As you expect, Vice is not complimentary to Dick Cheney.  It seems reverent for a while. At first,  Vice is the profile of a man driven to succeed.  Cheney was kicked out of Yale for drinking too much.  An angry pep talk from his wife Lynne (Amy Adams) slaps some sense into the ne’er do well drunk from Wyoming.  (This is the 3rd feature that Adams and Bale have done together following The Fighter and American Hustle.)  Cheney becomes a congressional intern and starts working for Donald Rumsfeld (Steve Carell).  They become close and when Rumsfeld is appointed Secretary of Defense under President Ford, Dick becomes Chief of Staff.  The presentation of his rise to power by failing upward is a bit glib.  This is from the mind of director Adam McKay (Talladega Nights, The Big Short) after all.  He finds the humor in Cheney’s tenure.  A fateful meeting with a young Antonin Scalia clues him into a legal doctrine called Unitary Executive Theory, which means that anything the president does is legal simply by virtue of his title.  This won’t come into play until years later when George W. Bush (Sam Rockwell) desperately wants Cheney to be his Vice President.  Side note: As authentic and nuanced as Christian Bale is, Steve Carell and Sam Rockwell are complete caricatures of their real-life counterparts more suited to an SNL skit than a serious biopic.  Anyways, Cheney will concede to Bush’s request under the conditions that he grant him extended powers which oversee major departments.  Bush agrees.  Then 9/11 happens.

How fair and accurate is Vice?  The movie begins with a jokey disclaimer that it’s “as true as it can be given that Dick Cheney is known as one of the most secretive leaders in recent history.  But we did our f—ing best.”  That essentially absolves them of presenting the truth.  That’s going to (rightfully) annoy a lot of people right from the get-go.  If you have the stomach for politics, it’s satisfying to a point.  That playful attitude permeates the film and it honestly helps enliven a portrait that few were demanding.  As decisions are made and we see the political process play out, Vice gradually becomes the denunciation of a Vice President who used the attacks of 9/11 to justify a war with Iraq.  This is a controversial period in American history.  He didn’t do it alone.  Adam McKay’s screenplay also wants us to condemn the entire American political system that allowed his Machiavellian rise to power.  These events led to the justification of torture on detainees and unprecedented surveillance by the U.S. Government on its own citizens.  Yet it continues to elevate him as a family man who loved his daughters Liz (Lily Rabe) and Mary Cheney (Alison Pill ) unconditionally.  The respect of Cheney in his private life, when juxtaposed with vilifying of the man in his public life, drives this comedic drama.

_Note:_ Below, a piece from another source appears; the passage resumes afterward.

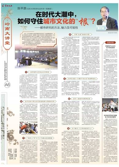近日,2025《岭南大讲堂》首期讲座活动在广东省博物馆举办。北京大学哲学社会科学一级教授、河南大学近现代中国研究院院长、中央文史研究馆馆员陈平原作为主讲嘉宾,以《如何让城市更有文化?——都市研究的方法、魅力及可能性》为主题,从都市研究的角度,条分缕析城市的文化脉络与人文精神,线上线下众多观众同场倾听并提问。

The point of view can be a bit contradictory at times.  I suppose that gives it a semblance of balance.  It humanizes a man before eventually driving you to hate him. Given the subject matter, Vice does its best to both entertain and stir the pot.  Now I ask my earlier question again, do you really want to watch a biopic about Dick Cheney?  Unfortunately Vice doesn’t warrant a strong ‘yes’ to that question.

12-17-18

2 Responses

    1. A lot of hype surrounding this film. Didn’t do much at the box office. The production budget was $60 million but only $38 million in the U.S. so far. May recoup costs with some Oscar noms.